The last time we were in Poland was less than ten years after the fall of the Iron Curtain. Coke and jeans and Metallica, basically all things Western, were still a little edgy and cool. English was rare. The shortages and queues of the Communist years were gone and young men with cell phones in suits getting into black Mercedes at the airport signified the arrival of some kind of capitalism, but there was an uncertainty about the transition to a market economy. Frequent small crime like cars being stolen and pockets being picked, rumours of ex-KGB agents driving rogue cabs that would kidnap and blackmail Westerners, and fresh memories of hyper-inflation added to the insecurity. My impression at the end of that trip was of a culturally rich and spiritually strong country but one that had suffered immensely through centuries of oppression, horrific violence, and, more recently, exploitation, under-investment, and neglect. It was difficult to reconcile the heroic Poland of tradition and legend with the run down country before my eyes. It was hard to imagine Poland catching up with Western Europe any time soon.
All that has changed.
The first change that caught my eye this time after getting off the plane into the glassy new terminal at Warsaw’s Chopin Airport was that all the signage and the PA announcements were now in Polish and English.
I’ve read about how English has become the lingua franca of international tourism and business but didn’t particularly experience it in my last trip abroad, which was to France. But in Poland we heard Poles, Danes, Norwegians, Spaniards, Japanese, Scots, Irish, and Chinese -- both Cantonese and Mandarin speakers -- all communicating with each other in English. Most everyone in hotels, restaurants, and shops spoke good English and didn’t seem put out doing so.
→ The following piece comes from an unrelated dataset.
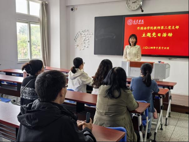 10月16日下午,外国语学院教师第三党支部在1203教室开展“弘扬爱国主义精神”主题党日活动。党员教师集中观看了庆祝中华人民共和国成立75周年微纪录片《共和国·勋章》视频;组织委员荣玉同志领学了习近平总书记关于“大力弘扬伟大爱国主义精神,把强国建设、民族复兴伟业不断推向前进”的重要论述;党员教师结合总书记的重要论述,围绕把弘扬和实践中华民族爱国主义精神融入教育教学工作开展了讨论。

I tried my best to use my limited Polish, but usually before I could the person I was speaking with would have flipped to English. This was before they knew for certain that I was American or Canadian: English has simply become the language that Poles expect non-Poles to communicate with.
The next noticeable change were all of the new building and cranes in the skyline.
The Warsaw skyline is full of cranes, almost as many as in Vancouver. And new buildings, evidence of the 15 straight years of economic growth.
I won’t go into all the details of our trip, but we spent the next two and half weeks with my wife’s family and saw some amazing sites, travelling from Warszawa, to Kraków, down to the Tatra Mountain village Zakopane and back again.
I'd never been in Europe this time of year. As you can see, it was cold but beautiful.
In terms of travelling, the trains were about the same as I remember them -- comfortable and quick, but not yet high speed the way they often are in Western Europe now. Supposedly they are still upgrading the tracks and in a few years they'll have high speed rail.
Everywhere else we saw signs of economic development and investment in infrastructure. The train stations themselves, for example, were much improved. The major roads were as good as any in Europe. Museums, parks, and historic buildings had many signs of renovation and frequently were marked with information about the grants the EU has been making to Poland to help it upgrade its infrastructure and achieve parity with the rest of Europe.
Internet in Poland was reliable and easy to find too, as was cell phone coverage. A ten minute stop in the train station and we had SIM cards so we could text family members while travelling. Overall, travelling in Poland was much easier than I remember it being and no harder than travelling in any other foreign country.
I love this: the former dead zone between the Kraków train station and old town, the area which one used to scurry through quickly to avoid the beggars and pickpockets and which we'd warned our kids about, has been replaced with a four story shopping mall.
New malls were everywhere, actually. The nearest one to my wife’s grandmother’s flat in Warszawa is less than half a mile from an old style flea market, which still exists but I expect whose days are numbered.
All in all, Poland was much easier to travel in that I remembered it being. The country felt optimistic and welcoming, like it was open for business and that the generation that is coming of age might be the first in centuries that has the opportunity to live up to its potential on home soil. We are already trying to figure out when we can go back and have a long list of other places we’d like to visit: Wrocław, Gdańsk, Toruń, Bydgoszcz, Lublin, Posnań, and Malbork, just to name a few.